What to produce -
In the entries that follow, the lines from the one with "Decorate your home" through the one with "Cook the dal" are the ones to write out, exactly and with both ends included. Nothing else should appear.

Recorded data -
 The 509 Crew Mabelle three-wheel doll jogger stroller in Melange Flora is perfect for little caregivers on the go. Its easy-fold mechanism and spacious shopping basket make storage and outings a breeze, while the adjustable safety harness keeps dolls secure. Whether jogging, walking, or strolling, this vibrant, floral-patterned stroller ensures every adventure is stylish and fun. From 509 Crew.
---
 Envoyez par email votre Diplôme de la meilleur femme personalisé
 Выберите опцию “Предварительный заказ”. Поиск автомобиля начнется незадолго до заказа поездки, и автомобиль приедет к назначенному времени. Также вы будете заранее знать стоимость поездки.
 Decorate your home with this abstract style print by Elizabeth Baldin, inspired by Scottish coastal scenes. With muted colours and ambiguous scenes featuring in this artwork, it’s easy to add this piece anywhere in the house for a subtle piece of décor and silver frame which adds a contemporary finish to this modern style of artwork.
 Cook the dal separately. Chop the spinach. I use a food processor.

Reply to the exercise -
 Decorate your home with this abstract style print by Elizabeth Baldin, inspired by Scottish coastal scenes. With muted colours and ambiguous scenes featuring in this artwork, it’s easy to add this piece anywhere in the house for a subtle piece of décor and silver frame which adds a contemporary finish to this modern style of artwork.
 Cook the dal separately. Chop the spinach. I use a food processor.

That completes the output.